Il team ha reclutato 60 pazienti di età compresa tra 25 e 75 con malattia di Parkinson moderata, che erano tutti presenti in un unico centro di trattamento e li hanno assegnati in modo casuale a due gruppi. Entrambi i gruppi si sono iniettati ogni settimana per 48 settimane. In un gruppo le iniezioni contenevano 2 milligrammi di exenatide, mentre l’altro gruppo si iniettava con un placebo. Il processo era in doppio cieco, quindi né i partecipanti né gli amministratori della droga sapevano quali pazienti stavano ricevendo il farmaco attivo e che stavano ricevendo il placebo.
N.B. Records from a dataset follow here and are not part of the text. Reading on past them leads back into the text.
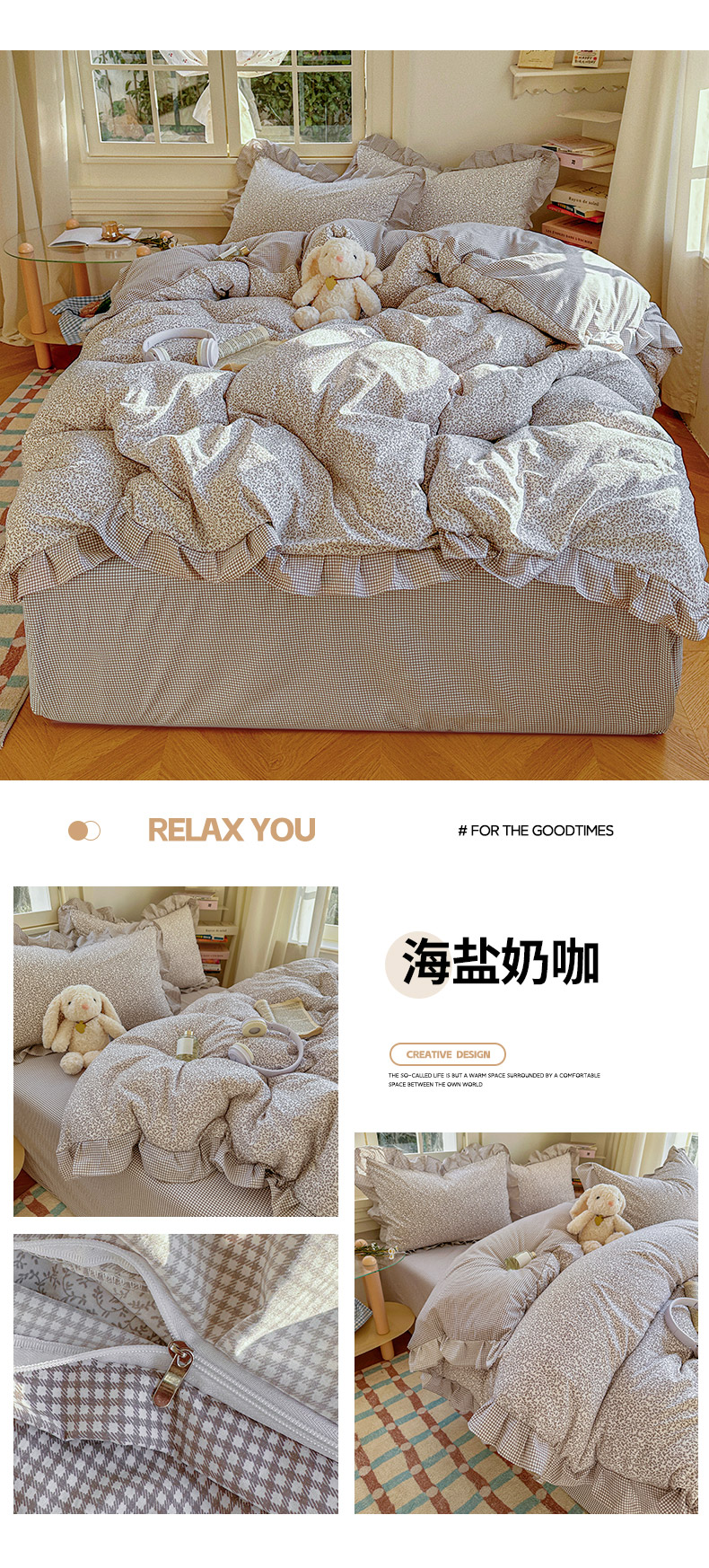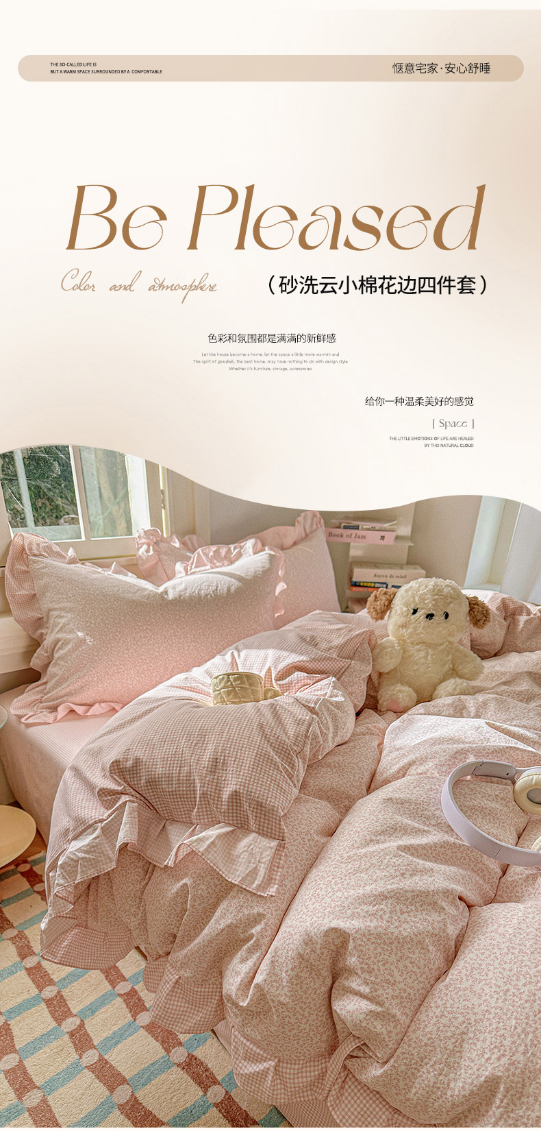 当前位置: 91家纺网 > 商品网购 > 床品套件 > 四件套 > 水洗棉四件套 > 金梦拉家纺 2026春夏韩版花边款小碎花古法水洗仿棉A类砂洗云小棉四件套 薄荷奶绿
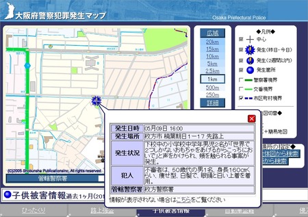大阪府警察の犯罪発生マップでも見ることができます↓
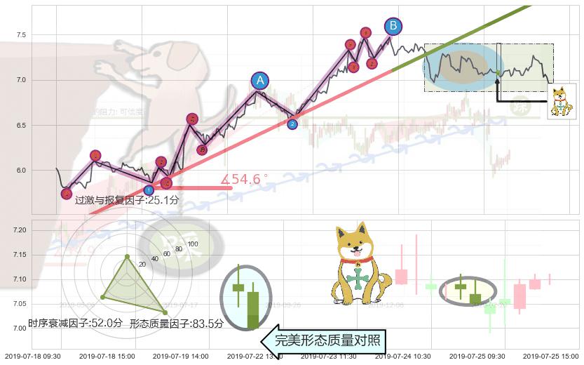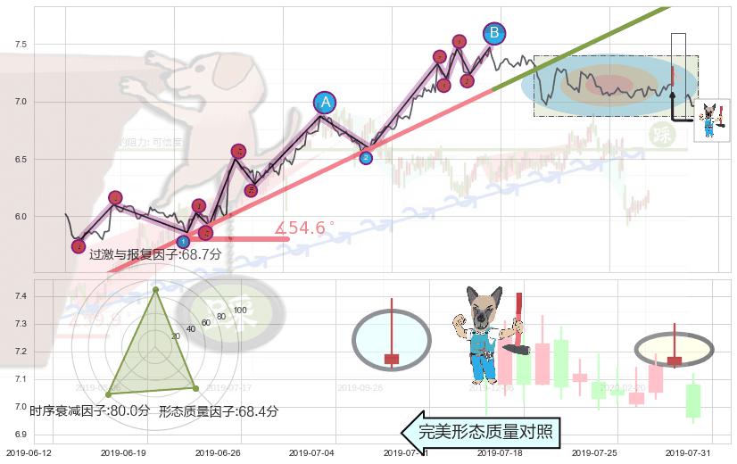 从2019-05-23 14:00至2019-07-10 11:30,共包含191个小时,阶段股价上涨24.31%,阶段股价变动位移路程比: 1 : 4,上涨趋势角度: 54.6
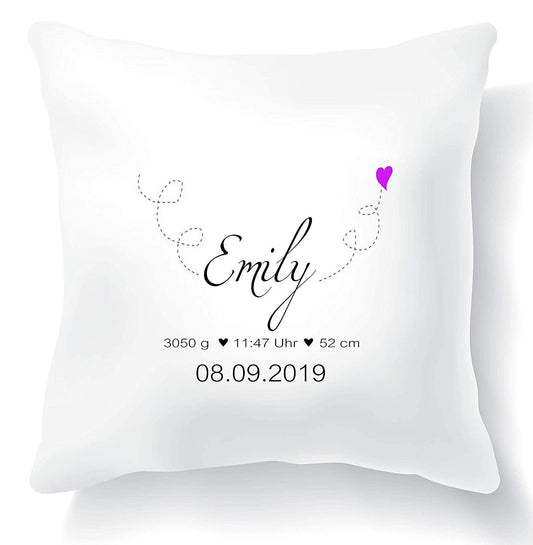 Babygeschenke zur Geburt Mädchen mit Geburtsdaten personalisiert - Namenskissen
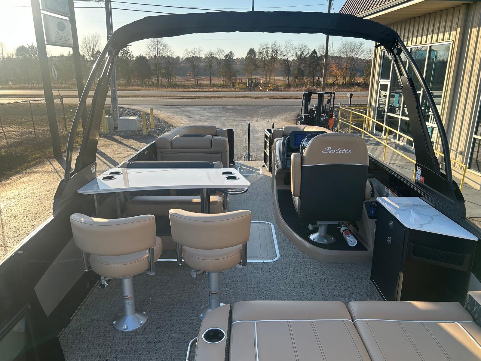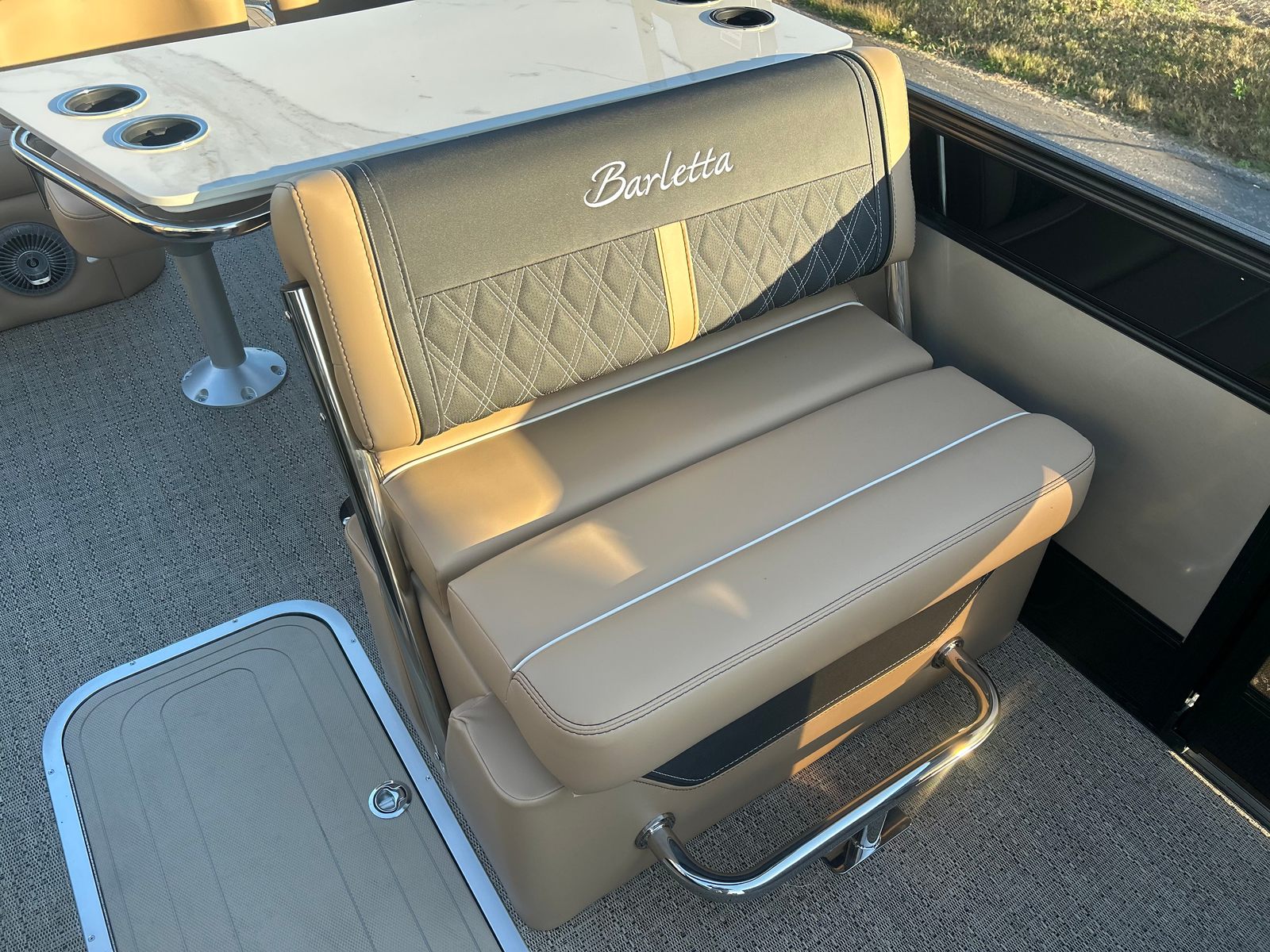 The 2026 Barletta Lusso L25UE is loaded with features that enhance both comfort and convenience. The Blackout Package Lusso railskin adds a bold, modern touch to the exterior, while the Carmella Tan with Onyx furniture offers plush seating for all your guests. The Amore Tan flooring is not only stylish but also easy to maintain, making it ideal for active days on the water. The Sport Bimini, installed in place of the standard bimini, provides ample shade and protection from the sun, ensuring comfort during long afternoons afloat. An onboard battery charger with two batteries ensures you have reliable power for all your electronic needs, keeping your adventures uninterrupted.
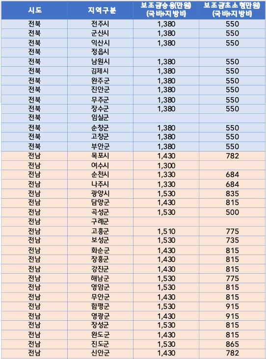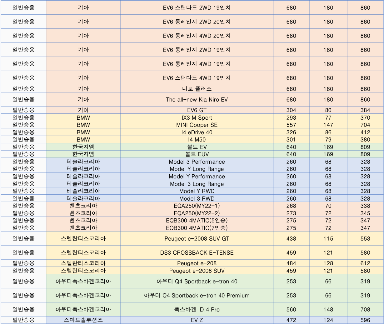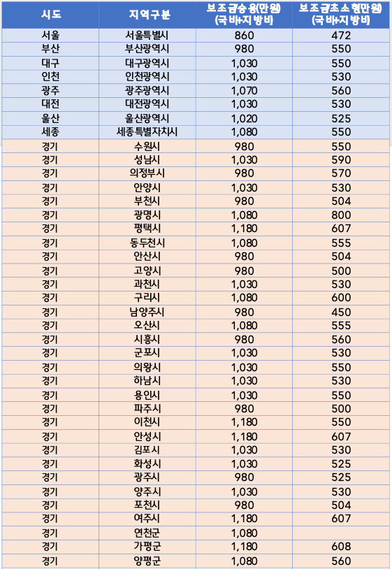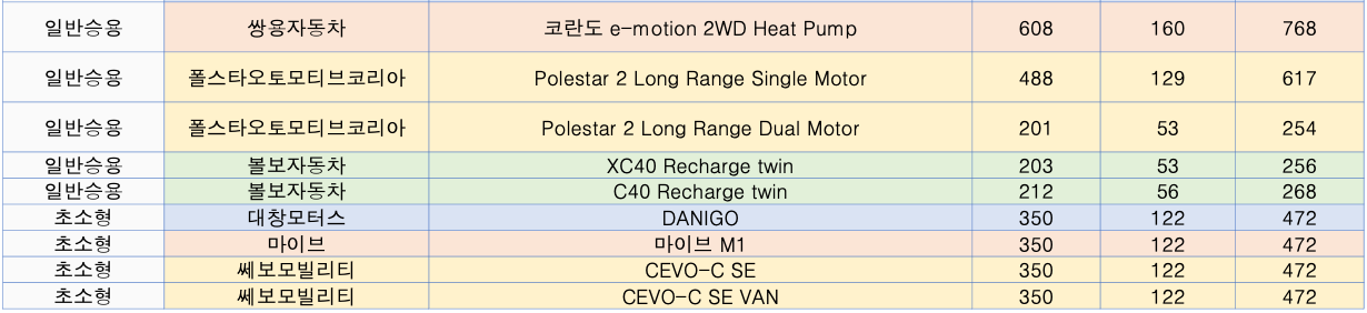🔹 2023년 상반기 전기차 지자체 차종별 보조금 (국비+지방비 최대금액)

Entrambi i gruppi hanno continuato con i farmaci esistenti durante le 48 settimane di iniezioni. Il periodo di 48 settimane è stato seguito da 12 settimane durante le quali i pazienti hanno eliminato tutti i loro farmaci (“washout”). I risultati hanno mostrato che dopo il periodo di trattamento, il gruppo exenatide aveva aumentato i punteggi su un riconosciuto test di funzionalità motoria del Parkinson che misura elementi quali agilità, linguaggio e tremori. Una ripetizione del test dopo il washout di 12 settimane ha mostrato che il miglioramento persisteva dopo la cessazione del farmaco.
Al contrario, il gruppo placebo ha mostrato un calo dei punteggi motori, sia nel periodo di 48 settimane che nel periodo di 60 settimane. La differenza media nei punteggi tra i due gruppi ha mostrato un vantaggio di 4 punti su una scala di 132 punti, che i ricercatori hanno trovato essere statisticamente significativi. I pazienti stessi non hanno riferito che i loro sintomi miglioravano di più di quello che i loro farmaci esistenti stavano facendo per loro. In due anni, il team ha fato altri progressi: ha scoperto che l’exenatide ha dei meccanismi neuroprotettivi che condivide con metaboliti come l’acido urico, farmaci come i sali di litio ed il nilotinib; oltre a delle vie di segnale dei fattori di crescita nervosi (es. NGF o BDNF) ad azione anti-degenerativa nervosa. I ricercatori suggeriscono che passeranno diversi anni prima che l’exenatide possa essere approvato e pronto per l’uso clinico per la terapia del Parkinson. Ma se ciò accadesse, il suo uso potrebbe estendersi, come il Parkinson, ad altre malattie neurodegenerative che coinvolte la proteina sinucleina-alfa. Fra queste ci sono le letali atrofia multisistemica (MSA) e l’atrofia a corpi di Lewy (LBD), per le quali non esiste alcun tipo di terapia pratica ed efficace.
- a cura del Dr. Gianfrancesco Cormaci, PhD, specialista in Biochimica Clinica.